For the second time in four seasons, Man City won the Premier League by a single point and Liverpool are to again go head to head with Pep Guardiola’s side – but how do their fixtures compare?
Even though the 2021/22 season only recently reached its conclusion, the new campaign is fast approaching and the full Premier League fixture list has now been released.
The expectation is that it will be another battle of perfection between Liverpool and Man City, with the two amassing more than 90 points having made a misstep on ten or fewer occasions last season.
But how difficult is the run of games for each side?
Of course, every team plays everyone home and away but the order of the fixtures does make for interesting viewing as we look to identify when and where hurdles could come for both sides.

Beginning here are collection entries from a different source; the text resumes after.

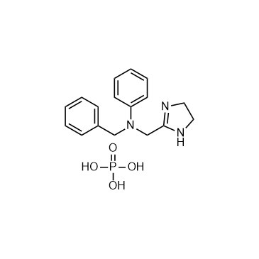 Antazoline phosphate is an H1 receptor antagonist that affects the activity of the central nervous system, has a potent antiarrhythmic effect[1][2][3]. Antazoline phosphate is a histamine H1 receptor antagonist with anticholinergic and antiviral properties. Antazoline phosphate can prevent histamine from acting on target cells through a reversible competition effect on histamine receptor sites of these cells. Antazoline phosphate can exert an antiallegic effect and prevent the occurrence of physiological reactions from the effect of blocking as well as inhibiting H1 receptor. Antazoline phosphate can effectively reduce HBV DNA in the extracellular supernatant in a dose-dependent manner, with EC50 of 2.910 μmol/L in HepAD38 cells. Antazoline phosphate also has a significant inhibitory effect on HBV DNA in the extracellular supernatant of Huh7 cells (EC50 = 2.349 μmol/L). Antazoline phosphate has anti-arrhythmic effect in acute myocardial infarctions. Antazoline phosphate can be studied in research for cardiovascular diseases, and HBV[1][2][3]. In Vitro:Antazoline phosphate shows good inhibitory effect on HBV DNA in the supernatant of HepAD38 and Huh7 cells with the value of EC50 is 2.910 μmol/L and 2.349 μmol/L, respectively[2]. In Vivo:Antazoline phosphate (IP; 0.01 ml/g; 30min) as H1 receptor antagonists diminishes the anticonvulsant activity of carbamazepine and diphenylhydantoin[3].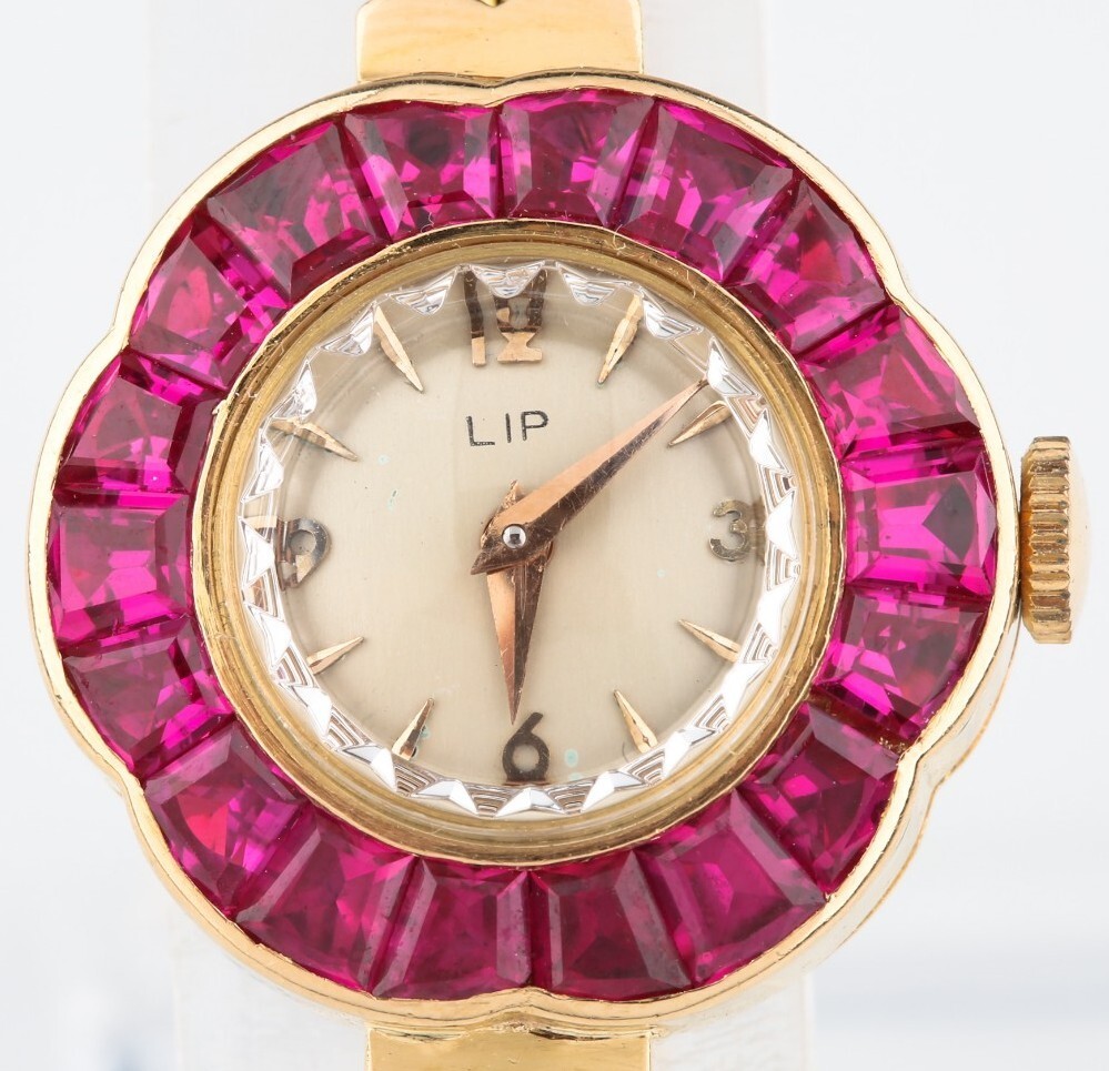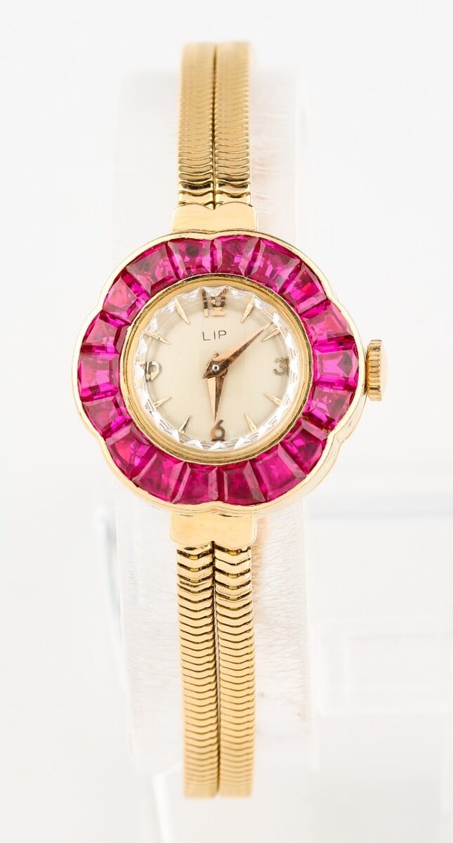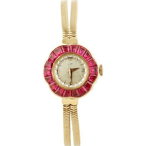 - Lip Rubí Bisel Correa Manual 18k Oro Amarillo Mujer Reloj W/ Oro Banda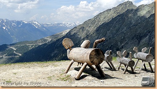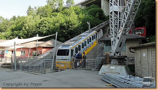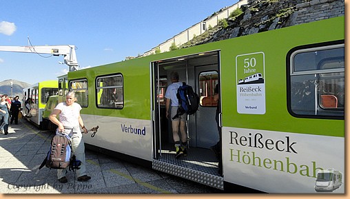 Da wir heuer eine womoarme Zeit haben und dank Mutter- und Vatertag auch zu den Kärnten-Card-Besitzern gehören ist unser erstes Ausflugsziel das Reisseck. Mit unserer ist die Fahrt gratis, lediglich Müsli muss ihr Taschengeld um 5,50€ erleichtern. In drei Teilstrecken überwinden wir mit der Reisseckstandseilbahn einen Höhenunterschied von 1518 Metern, das steilste Teilstück hat 82% Steigung. Am Schoberboden auf 2237 m Seehöhe gehts mit der Reisseckhöhenbahn weiter zum Seenplateau. Diese Schmalspurbahn fährt mit ca. 30km/h mehr oder weniger laut durch einen Tunnel und an senkrechten Felswänden vorbei zum Bergrestaurant und ist Europas höchste Eisenbahn. (Video)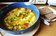 sobota: zalewajka z kiełbaską i boczkiem wędzonym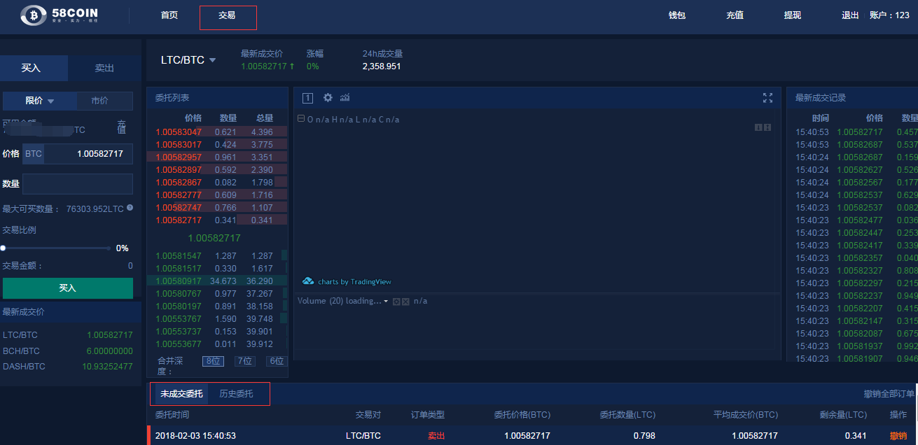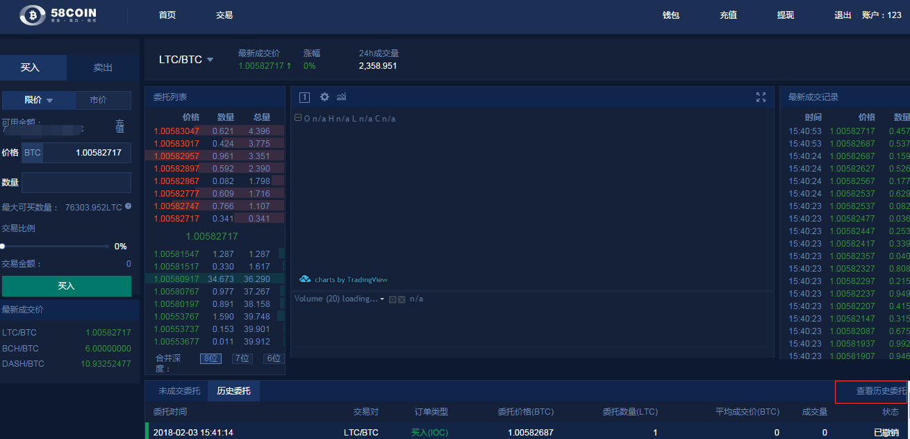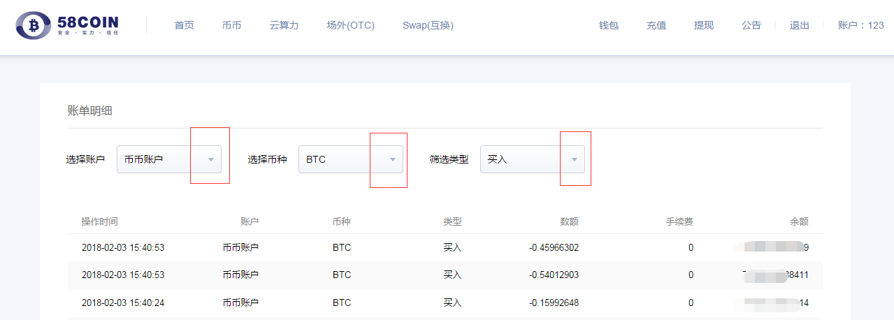 登陆www.58coin.com ,点击币币交易/云算力、交易、交易记录查询挂单及成交情况。如下图所示:

Each year, Ben Mayhew, head of data analysis at PA, presents a graphic visualisation of the difficulty of each club’s schedule based on the odds of finishing positions.
And from first glance, the Reds have a slightly more difficult start before the two teams meet at Anfield on October 15.
As usual I’ve created a grid for the #PLFixtures showing each club’s tough and easy runs based on bookmakers’ odds – written up by @philleake91 here: https://t.co/m3CcvhYgkI pic.twitter.com/BZYjJi4ZfG
— Ben Mayhew (@experimental361) June 16, 2022
Klopp’s side start the season with three meetings against those in the top six (Man United, Chelsea, Arsenal) before they host City, and two from the expected bottom six (Fulham and Bournemouth).
City, on the other hand, will meet two of the top six (Tottenham and Man United), and three from the probable bottom six (Bournemouth, Nottingham Forest and Southampton).
Thereafter, the Reds’ schedule directly pre and post-World Cup has them contending with an average table position of 9.5 across four games, compared to City’s 16 in the same time period.
However, from January 2 to February 4, City will meet three of the expected finishers in the top six (Chelsea, Man United, Tottenham), while Liverpool meet just one in Chelsea.
Moreover, Liverpool will meet bottom-six sides in two successive games on three occasions, City will experience it twice and with three in a row in November/December.
Elsewhere, you have to feel a little bit for Bournemouth who, conversely, will twice meet top-six clubs in three successive games, in August and February/March.
In a condensed season that has the Champions League thrown into the mix alongside domestic cups, it increases the stakes on each Premier League game and the two know they have little room for error.
And Liverpool will know not to take anything for granted, but one of their big goals will be to take more points off Man City this season – it has to be at least four from six.